A study focusing on just four heartland lock and dam locations found each provides more than $1 billion in annual transportation savings – a snapshot into the danger of mounting costs when inland waterways experience unexpected closures.
Transportation study groups at the University of Tennessee and Vanderbilt University produced the report titled “The Impacts of Unscheduled Lock Outages”, with sponsorship from the National Waterways Foundation and U.S. Maritime Administration.
The analysis starts with the broadly recognized concern that the U.S. inland waterway system has fallen far behind in infrastructure repairs and renovations. But then it takes a deep dive into four key navigation structures, from the upper Mississippi to the Gulf coast, to break down exactly what each contributes to the economy – and what will be lost if they break down.
Coming at a time when there has been little progress toward the Trump administration’s early call for a renewed commitment to waterway infrastructure, the findings will help industry advocates make their case.
The report stresses the follow-on costs of navigation breakdowns, including surging demand for rail transport, losses to farmers, and unsustainable increases in truck traffic on highways.
To take one example, the study found that an unplanned closure at the LaGrange Lock and Dam at Versailles, Ill., would affect commerce for 135 counties in 18 states, “threaten the nation’s primary path for soybean and corn exports,” cost $1.7 billion in additional transportation costs, and reduce farm-related incomes by $2.1 billion.
Along with LaGrange, the southernmost navigation structure on the Illinois River, the study examined Markland Locks and Dam on the Ohio River, near Cincinnati; Calcasieu Lock on the Gulf Intracoastal Waterway in Louisiana; and Lock and Dam 25 (L&D25) on the Mississippi River, immediately north of St. Louis.
The analysis details the cargo streams moving through each structure, and how those connect to parts of the waterway network and the larger regional and national economies. Markland is dominated by coal, while LaGrange and L&D 25 are major grain pathways, and Calcasieu traffic is primarily petroleum and chemical products.
“These four locks support traffic on every segment of the Mississippi River system.

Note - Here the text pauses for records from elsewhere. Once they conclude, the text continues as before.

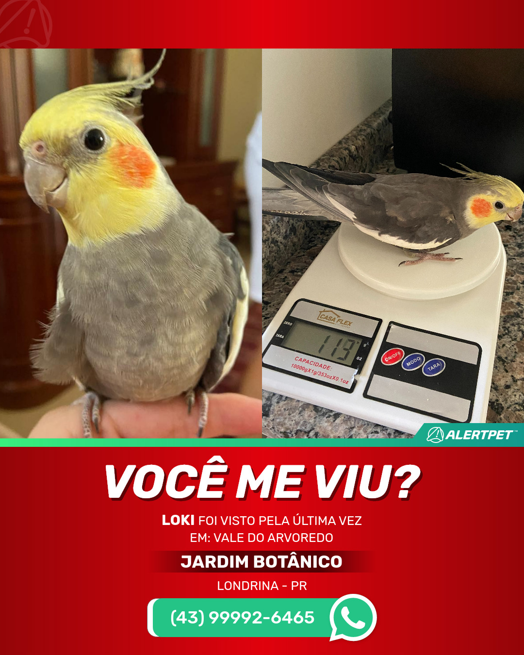 #AlertPet #Procurase #PassaroDesaparecido #Londrina #ProcuramosLoki
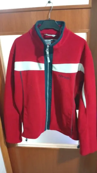 Chaqueta polar de la marca Bjornson con un diseño moderno. - Color principal rojo con detalles en blanco. - Cuello alto con ribete azul marino. - Cremallera frontal completa.
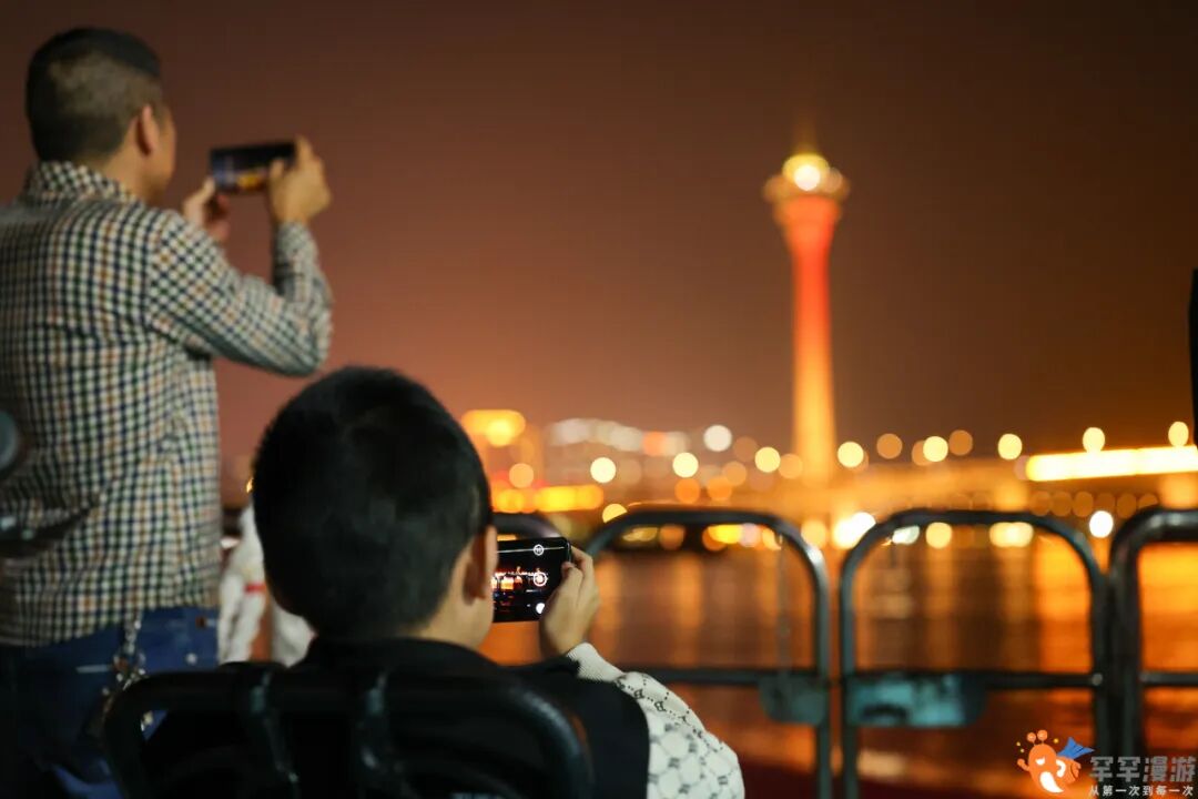 晚上,小伙伴们踏上了港珠澳夜游的游轮,原本沉默的龙龙大喊“我来了”,十分兴奋。大家欣赏着对岸澳门的风景,感受晚风吹拂面庞。

Most of the traffic at LaGrange and L&D 25 flows the length of that main-stem and makes relatively lesser use of tributaries or intermediate terminal locations,” the report notes. “By contrast, both the Ohio River coal traffic and, to a lesser degree, the traffic flows through Calcasieu routinely involve origins and destinations that are located along system tributaries or at intermediate spots between major terminal regions.”
That also means a major outage at any one structure can shock the system along hundreds of miles.

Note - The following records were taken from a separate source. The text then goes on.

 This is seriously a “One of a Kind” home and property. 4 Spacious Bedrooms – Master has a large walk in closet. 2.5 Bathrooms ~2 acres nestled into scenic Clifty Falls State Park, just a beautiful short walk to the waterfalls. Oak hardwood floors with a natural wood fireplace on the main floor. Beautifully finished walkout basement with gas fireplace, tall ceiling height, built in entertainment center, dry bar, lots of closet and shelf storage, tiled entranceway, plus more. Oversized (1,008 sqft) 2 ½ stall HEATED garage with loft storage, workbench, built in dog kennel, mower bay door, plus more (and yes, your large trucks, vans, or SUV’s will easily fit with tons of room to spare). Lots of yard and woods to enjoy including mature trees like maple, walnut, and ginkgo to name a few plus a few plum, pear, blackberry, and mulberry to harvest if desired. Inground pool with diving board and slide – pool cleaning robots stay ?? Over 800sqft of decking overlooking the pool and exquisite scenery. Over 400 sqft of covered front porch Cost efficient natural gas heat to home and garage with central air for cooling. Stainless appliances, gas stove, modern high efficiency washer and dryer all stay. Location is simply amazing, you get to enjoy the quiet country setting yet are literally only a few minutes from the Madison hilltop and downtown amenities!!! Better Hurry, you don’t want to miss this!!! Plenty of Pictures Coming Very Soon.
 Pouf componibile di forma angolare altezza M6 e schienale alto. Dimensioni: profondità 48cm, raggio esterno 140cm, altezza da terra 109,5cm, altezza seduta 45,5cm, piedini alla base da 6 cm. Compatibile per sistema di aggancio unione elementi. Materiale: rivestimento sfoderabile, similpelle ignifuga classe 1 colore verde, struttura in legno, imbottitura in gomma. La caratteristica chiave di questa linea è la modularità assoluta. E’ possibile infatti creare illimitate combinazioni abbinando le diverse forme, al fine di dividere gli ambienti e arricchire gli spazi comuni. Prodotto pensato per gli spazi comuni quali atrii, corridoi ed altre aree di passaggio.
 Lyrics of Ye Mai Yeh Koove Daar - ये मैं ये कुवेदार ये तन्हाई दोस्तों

“Unfortunately, the connectivity of the system also creates vulnerability, and this study documents and illustrates the magnitude of the impact from the prolonged loss of any single lock and dam project,” the authors note.
“If an unscheduled and extended outage were to occur at any of the four locks analyzed here, the impact would reach across all of the states served by the system and cause billions of dollars in economic harm to shippers, the commerce that depends on those shippers, and the communities that rely on this substantial business activity.”
The study concludes:
“Each of the four locks considered within the study helps shippers to avoid more than $1 billion in additional transportation costs each year.

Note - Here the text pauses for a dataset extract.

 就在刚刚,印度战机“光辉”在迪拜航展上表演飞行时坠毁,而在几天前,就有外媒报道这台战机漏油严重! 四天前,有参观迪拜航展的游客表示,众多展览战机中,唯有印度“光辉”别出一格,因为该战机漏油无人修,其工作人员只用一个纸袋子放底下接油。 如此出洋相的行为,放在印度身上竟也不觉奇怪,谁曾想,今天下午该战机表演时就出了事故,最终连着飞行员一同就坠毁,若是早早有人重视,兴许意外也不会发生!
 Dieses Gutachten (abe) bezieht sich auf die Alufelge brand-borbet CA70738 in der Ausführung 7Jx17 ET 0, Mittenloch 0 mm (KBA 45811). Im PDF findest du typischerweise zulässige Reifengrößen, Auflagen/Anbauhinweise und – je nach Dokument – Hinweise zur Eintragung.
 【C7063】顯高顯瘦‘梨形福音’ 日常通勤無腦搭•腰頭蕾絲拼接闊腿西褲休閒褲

“The important roles played by individual navigation projects span a broad range of both geographies and economic purposes, and in some cases provide freight mobility that could not be easily replaced by other transport modes.
“While every state that originates or terminates traffic supported by the four locks benefits from inland navigation’s availability, the results reflect the waterway’s extraordinary commercial value to Louisiana, Texas, and Illinois.
“In the cases of LaGrange Lock & Dam and Lock & Dam 25, trucking to alternative waterway locations would mean an additional 500,000 loaded truck trips per year, and an additional 150 million truck miles in the affected states. This is not tenable.”